O presidente Lula teve apenas 96 encontros com parlamentares nos primeiros 28 meses de seu governo, o menor número desde 2012. Em comparação, Jair Bolsonaro teve 502 reuniões no mesmo período. A Secretaria de Relações Institucionais disse que Lula mantém contato com congressistas em viagens e encontros informais, focando em temas importantes como a Reforma Tributária. Em 2023, ele teve 47 agendas com parlamentares, e em 2024, foram 42, com apenas sete encontros adicionais até abril de 2025. A maioria das reuniões envolveu membros do PT, com poucas exceções. O professor Leandro Consentino comentou que essa falta de interação pode dificultar a aprovação de projetos e afetar a reeleição de Lula em 2026. Membros da base governista, como o deputado Mário Heringer, expressaram insatisfação com o distanciamento do presidente em relação ao Legislativo. No entanto, há expectativa de que Lula aumente as reuniões após sua viagem ao Japão e a nomeação de Gleisi Hoffmann como nova articuladora política. Gleisi, que é próxima de Lula e do presidente da Câmara, pode ajudar a melhorar a comunicação com o Congresso em um momento crítico, com projetos importantes em discussão. A relação entre o Executivo e o Legislativo está mudando, com um Congresso mais forte e menos dependente do governo.
O presidente Luiz Inácio Lula da Silva registrou apenas 96 encontros com parlamentares nos primeiros 28 meses de seu governo, o menor número desde a implementação da Lei de Acesso à Informação em 2012. Em comparação, seu antecessor, Jair Bolsonaro, teve 502 reuniões no mesmo período. A Secretaria de Relações Institucionais afirmou que Lula mantém contato com congressistas em viagens e encontros informais, priorizando o diálogo em temas relevantes como a Reforma Tributária.
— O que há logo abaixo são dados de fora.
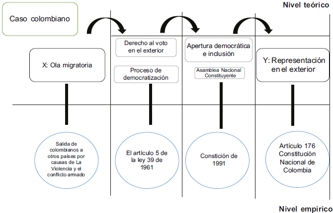 La metodología del artículo es cualitativa. El alcance que se pretende con este trabajo es identificar las razones de que se adopte la representación en el exterior en Colombia y Ecuador, y para ello se estudian las secuencias históricas en ambos países para identificar la creación de los escaños. Es decir, que se trabaja con un N pequeño con la intención de realizar un estudio en profundidad con alta densidad de información (Della Porta, 2013) para encontrar un mecanismo causal en los dos casos.
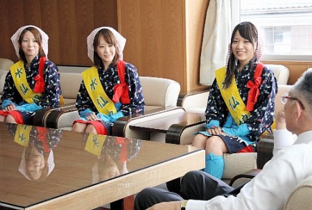 関町長を訪ね、宣伝隊として活躍を誓う水仙...
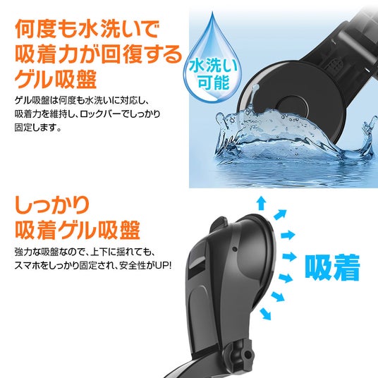 車載ホルダーのゲル吸盤は大きいので、どんな温度でも、しっかりとつけたいところにスマートフォンをつけられます。強力な吸盤なので、上下に揺れても、スマホをしっかり固定され、安全性がUP!車載ホルダーのゲル吸盤をぬるま湯で洗い、乾かして繰り返し使用できます。
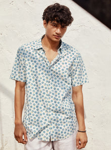 Inspired by Hawaiian prints, presenting a laidback yet fun short-sleeved shirt. Made entirely from a rich Indian cotton in a plain weave, this shirt is soft & lightweight. Features an all-over conversational print & a button-down collar.

Em 2023, Lula teve 47 agendas com parlamentares, número que se manteve em 42 no ano seguinte. Até abril de 2025, foram apenas sete encontros adicionais, totalizando 96 interações. A maioria das reuniões envolveu deputados e senadores do Partido dos Trabalhadores (PT), com raras exceções de líderes de outros partidos. O professor de Ciência Política Leandro Consentino destacou que essa postura pode dificultar a aprovação de pautas prioritárias e impactar a reeleição de Lula em 2026.
A insatisfação com o distanciamento do presidente em relação ao Legislativo é evidente entre membros da base governista. O deputado federal Mário Heringer, líder do PDT, afirmou que Lula está mais distante do Congresso do que em mandatos anteriores, o que contribuiu para derrotas em votações. No entanto, há expectativa de que o presidente aumente a frequência das reuniões após sua recente viagem ao Japão e a nomeação de Gleisi Hoffmann como nova articuladora política.
Gleisi, presidente do PT, é vista como uma “articuladora profissional” e pode ajudar a reabrir canais de diálogo com o Congresso. A mudança ocorre em um momento crítico, com projetos importantes em tramitação, como a PEC da Segurança Pública e a reforma tributária. A relação entre o Executivo e o Legislativo está em transformação, com um Congresso mais fortalecido e menos dependente do governo para a liberação de recursos.